Nosotros también, a través de las llagas de la Iglesia, a
través de las dificultades, de la persecución que sufrimos, inclusive por parte
de aquellos que ostentan autoridad en la Iglesia, no abandonamos a la Iglesia,
amamos a nuestra Santa Madre Iglesia y seguiremos sirviéndola a pesar de las
autoridades, si fuera necesario. A pesar de esas autoridades que equivocadamente
nos persiguen, sigamos nuestro camino: queremos conservar la Santa Iglesia
Católica Romana, queremos continuarla y la continuaremos por el Sacerdocio,
por el Sacerdocio de Nuestro Señor Jesucristo, por los verdaderos sacramentos
de Nuestro Señor Jesucristo, por su verdadero catecismo.
¿Por qué, mis queridos amigos? Sabéis que yo mismo, y
todos mis colegas de cierta edad aquí presentes, fuimos ordenados en la Santa
Misa tradicional de siempre; hemos recibido el poder de celebrar la Santa Misa
y el Santo Sacrificio en el rito romano de siempre.

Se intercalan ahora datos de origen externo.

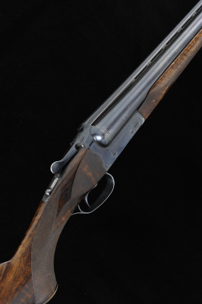 26-inch barrels with 2 3/4-inch chambers, about 1/4 and 1/2 choke borings, machined ventilated rib, the blacked frame and top lever with border engraving, selective single trigger, 14 3/4-inch figured stock with pistol grip and recoil pad, beaver tail fore-end, 7lb. 2oz., Spanish nitro proof, top horn cracked and repaired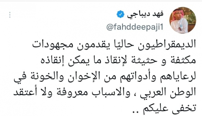 وأكد في تغريدة على حسابه بموقع التدوين المصغر تويتر، اليوم أن: "الديمقراطيون حاليًا يقدمون مجهودات مكثفة وحثيثة لإنقاذ ما يمكن إنقاذه لرعاياهم وأدواتهم من الإخوان والخونة في الوطن العربي، والأسباب معروفة ولا أعتقد تخفى عليكم".

Recordad eso: fui ordenado
en ese rito y no quiero dejarlo, no quiero abandonarlo. Es la Misa en la que
fui ordenado y en la que quiero seguir viviendo. Es verdaderamente la Misa de
la Santa Iglesia Católica Apostólica Romana.
Sed fieles, fieles a vuestro Santo Sacrificio de la Misa,
que os brindará tantos y tantos consuelos, tantas alegrías, tantos auxilios en
vuestras dificultades, en vuestras pruebas, en las persecuciones que arrostráis
y sufrir. Hallaréis la fuerza para sufrir con Nuestro Señor Jesucristo todas
esas afrentas, hallaréis esa fuerza en el Santo Sacrificio de la Misa. Al dar
verdaderamente a Nuestro Señor Jesucristo en su Cuerpo, en su Sangre, en su
Alma, en su Divinidad a los fieles, les daréis también el valor para seguir a
la Iglesia en su tradición y para imitar los ejemplos de todos los Santos que
nos han precedido, todos aquellos que han sido beatificados, canonizados,
señalados como modelos de santidad en la Santa Iglesia. Ellos seguirán siendo nuestro
modelo.
Que la Santísima Virgen María, en particular, sea nuestro
modelo. Pidámosle hacer de vosotros, queridos amigos, sacerdotes santos, sacerdotes
como Ella lo desea. Si la invocáis en el curso de vuestra vida, os protegerá y
hará de vosotros sacerdotes según el corazón de Nuestro Señor Jesucristo, su
divino Hijo.
En el nombre del Padre y del Hijo y del Espíritu Santo.
Amén.
Marcel Lefebvre Arzobispo
Econe, 29 de junio de 1982.
Benditas palabras del Santo padre Marcel Lefebvre.